KLIKPARIGI.ID – Menteri Agraria dan Tata Ruang/Kepala Badan Pertanahan Nasional (ATR/BPN), Nusron Wahid, mengajak para santri untuk berani mengambil peran strategis dalam pembangunan bangsa melalui penguasaan ilmu pengetahuan dan teknologi. Ajakan itu disampaikan saat menghadiri kegiatan Pendampingan Santri Kelas XII SMAIQu Al-Bahjah, Sabtu (18/4/2026).
Dalam sambutannya di hadapan Pengasuh Lembaga Pengembangan Da’wah dan Pondok Pesantren Al-Bahjah, Buya Yahya, Nusron menegaskan bahwa santri tidak hanya memiliki peluang menjadi ulama, tetapi juga dapat berkontribusi sebagai pelaksana kebijakan negara.
“Kalau ingin berkontribusi bagi bangsa dan negara, selain dikader menjadi ulama, adik-adik juga bisa menjadi hikmatal hukama atau kader pelaksana kebijakan,” ujar Nusron.
Ia menjelaskan, hikmatal hukama merupakan sosok yang berperan penting dalam pemerintahan, baik sebagai birokrat maupun teknokrat. Peran tersebut dibutuhkan dalam membantu proses penyusunan hingga pelaksanaan kebijakan di berbagai sektor pembangunan.
Menurut Nusron, kemajuan sebuah negara tidak hanya ditentukan oleh kekuatan sumber daya alam, tetapi juga kemampuan dalam menguasai bidang STEM atau science, technology, engineering, and mathematics.
“Kekuatan sebuah negara sangat ditentukan oleh penguasaan ilmu pengetahuan dan teknologi. Negara yang mampu menguasai sektor tersebut akan lebih siap menghadapi tantangan global,” katanya.
Nusron juga mencontohkan bagaimana Iran mampu bertahan di tengah tekanan dunia karena memiliki kemandirian di sektor pangan, energi, dan teknologi.
“Kenapa Iran bisa bertahan?
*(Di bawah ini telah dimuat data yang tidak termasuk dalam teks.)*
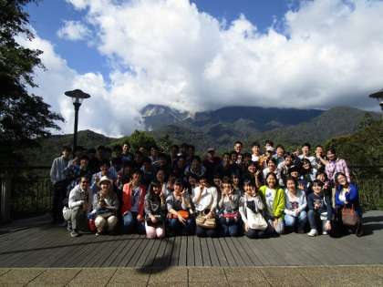 集合写真は、キナバル山を背景にしました。雲で全景が見えませんでしたが、キナバルの雄大な姿は「山」の19期生たちを暖かく迎えるようでした。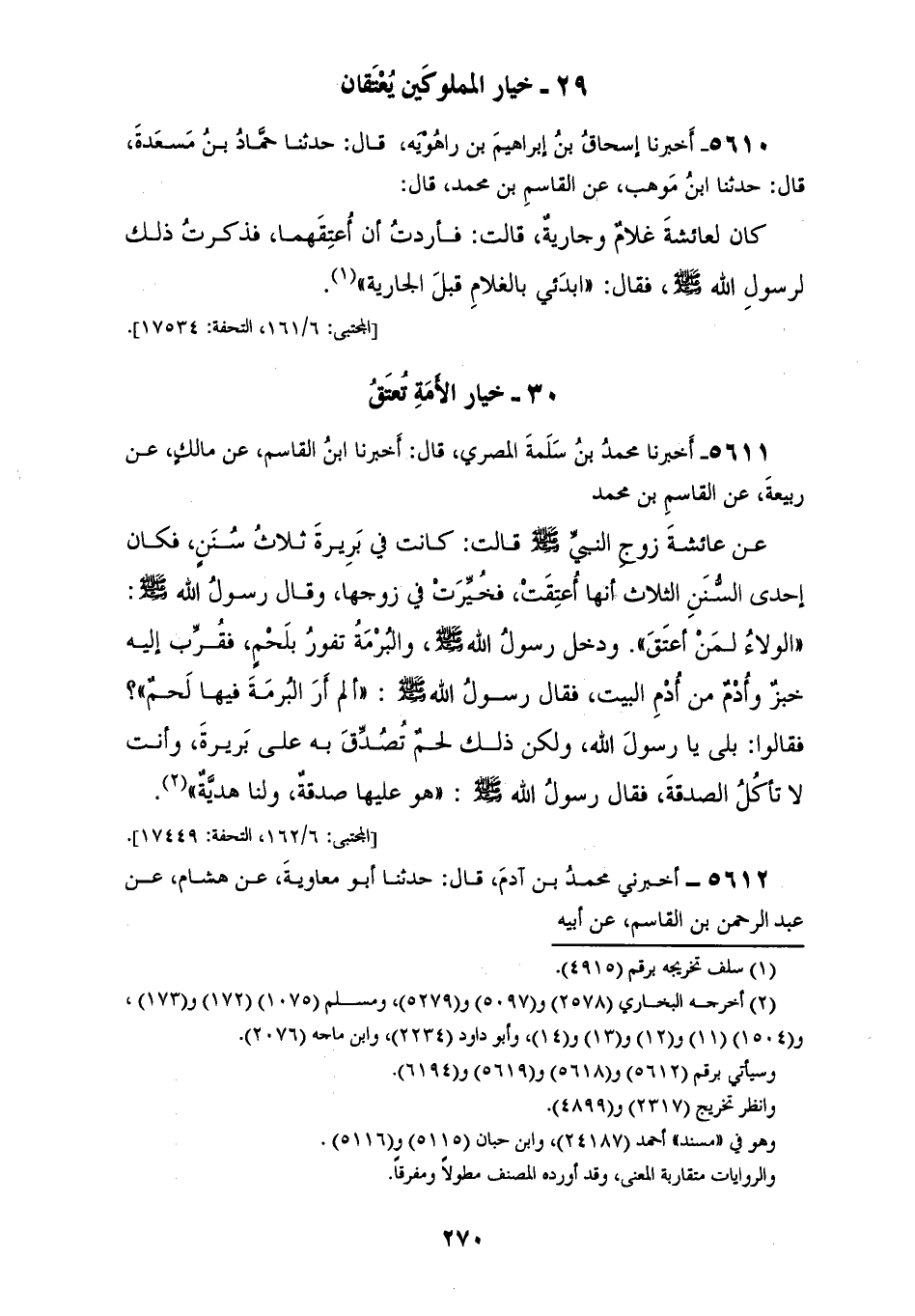 5610 - أَخْبَرَنَا إِسْحَاقُ بْنُ إِبْرَاهِيمَ بْنِ رَاهَوَيْهِ، قَالَ: حَدَّثَنَا حَمَّادُ بْنُ مَسْعَدَةَ، قَالَ: حَدَّثَنَا ابْنُ مَوْهِبٍ، عَنِ الْقَاسِمِ بْنِ مُحَمَّدٍ، قَالَ: كَانَ لِعَائِشَةَ غُلَامٌ وَجَارِيَةٌ، قَالَتْ: فَأَرَدْتُ أَنْ أُعْتِقَهُمَا فَذَكَرْتُ ذَلِكَ لِرَسُولِ اللهِ صَلَّى اللهُ عَلَيْهِ وَسَلَّمَ، فَقَالَ: «§ابْدَئِي بِالْغُلَامِ قَبْلَ الْجَارِيَةِ»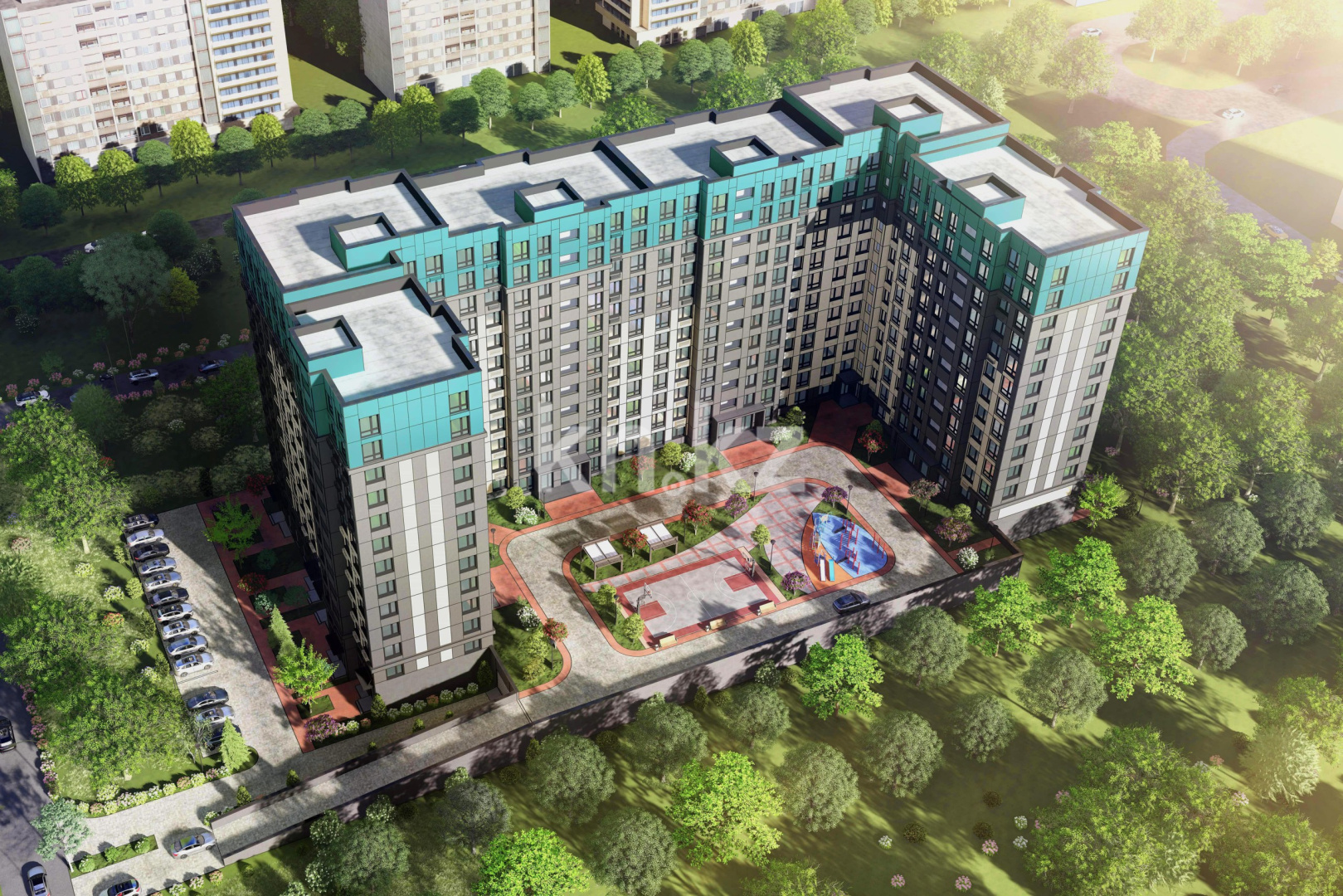 Для машин жильцов предусмотрен паркинг в стилобате, а также с внешней стороны новостройки выделяются места для временной парковки гостевых авто.

Karena mereka memiliki swasembada pangan, swasembada energi, dan teknologi yang kuat,” jelasnya.
Karena itu, ia mendorong para santri untuk tidak ragu melanjutkan pendidikan di bidang-bidang strategis yang sangat dibutuhkan bangsa, seperti teknologi pangan, energi, geologi, kesehatan, hingga telekomunikasi.
Menurutnya, Indonesia membutuhkan generasi muda yang mampu menjadi motor penggerak di berbagai sektor penting, mulai dari pertahanan keamanan, hukum, keuangan, pangan, energi, kesehatan, logistik, manufaktur, hingga pendidikan dan pelatihan.
“Jangan pernah ragu. Negara ini membutuhkan para santri. Pemuda hari ini adalah pemimpin masa depan. Ketika Indonesia memasuki usia 100 tahun, maju atau tidaknya bangsa ini salah satunya ditentukan oleh para santri yang hari ini sedang lulus SMA,” pungkasnya.